**INFORMATION SUPPLIED:**
________________________________________

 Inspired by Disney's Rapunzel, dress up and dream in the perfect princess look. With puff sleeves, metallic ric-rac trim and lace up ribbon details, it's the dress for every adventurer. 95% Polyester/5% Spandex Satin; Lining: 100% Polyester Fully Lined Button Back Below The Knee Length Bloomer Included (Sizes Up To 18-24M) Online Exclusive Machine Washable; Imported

________________________________________

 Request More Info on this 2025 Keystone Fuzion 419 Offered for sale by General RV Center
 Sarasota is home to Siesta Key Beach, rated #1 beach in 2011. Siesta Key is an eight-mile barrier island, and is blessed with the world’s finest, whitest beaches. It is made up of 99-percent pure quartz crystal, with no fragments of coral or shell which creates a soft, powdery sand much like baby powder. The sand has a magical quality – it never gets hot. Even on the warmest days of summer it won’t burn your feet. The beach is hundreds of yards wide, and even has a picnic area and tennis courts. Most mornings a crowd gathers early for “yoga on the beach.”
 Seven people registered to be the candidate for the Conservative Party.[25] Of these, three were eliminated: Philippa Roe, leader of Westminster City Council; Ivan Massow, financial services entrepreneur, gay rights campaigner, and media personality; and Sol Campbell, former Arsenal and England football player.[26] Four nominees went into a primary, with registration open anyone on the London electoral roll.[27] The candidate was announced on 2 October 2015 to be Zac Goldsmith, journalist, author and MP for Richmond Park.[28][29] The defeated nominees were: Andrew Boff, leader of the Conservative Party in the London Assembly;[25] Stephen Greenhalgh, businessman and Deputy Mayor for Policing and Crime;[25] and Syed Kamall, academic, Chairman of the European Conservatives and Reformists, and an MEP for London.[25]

________________________________________

**EXERCISE INSTRUCTIONS:**
I'd like the lines above from the one with "Sarasota is home" up to and including the one with "Seven people registered" copied exactly, with no other lines.

**RESULT OF THE EXERCISE:**
 Sarasota is home to Siesta Key Beach, rated #1 beach in 2011. Siesta Key is an eight-mile barrier island, and is blessed with the world’s finest, whitest beaches. It is made up of 99-percent pure quartz crystal, with no fragments of coral or shell which creates a soft, powdery sand much like baby powder. The sand has a magical quality – it never gets hot. Even on the warmest days of summer it won’t burn your feet. The beach is hundreds of yards wide, and even has a picnic area and tennis courts. Most mornings a crowd gathers early for “yoga on the beach.”
 Seven people registered to be the candidate for the Conservative Party.[25] Of these, three were eliminated: Philippa Roe, leader of Westminster City Council; Ivan Massow, financial services entrepreneur, gay rights campaigner, and media personality; and Sol Campbell, former Arsenal and England football player.[26] Four nominees went into a primary, with registration open anyone on the London electoral roll.[27] The candidate was announced on 2 October 2015 to be Zac Goldsmith, journalist, author and MP for Richmond Park.[28][29] The defeated nominees were: Andrew Boff, leader of the Conservative Party in the London Assembly;[25] Stephen Greenhalgh, businessman and Deputy Mayor for Policing and Crime;[25] and Syed Kamall, academic, Chairman of the European Conservatives and Reformists, and an MEP for London.[25]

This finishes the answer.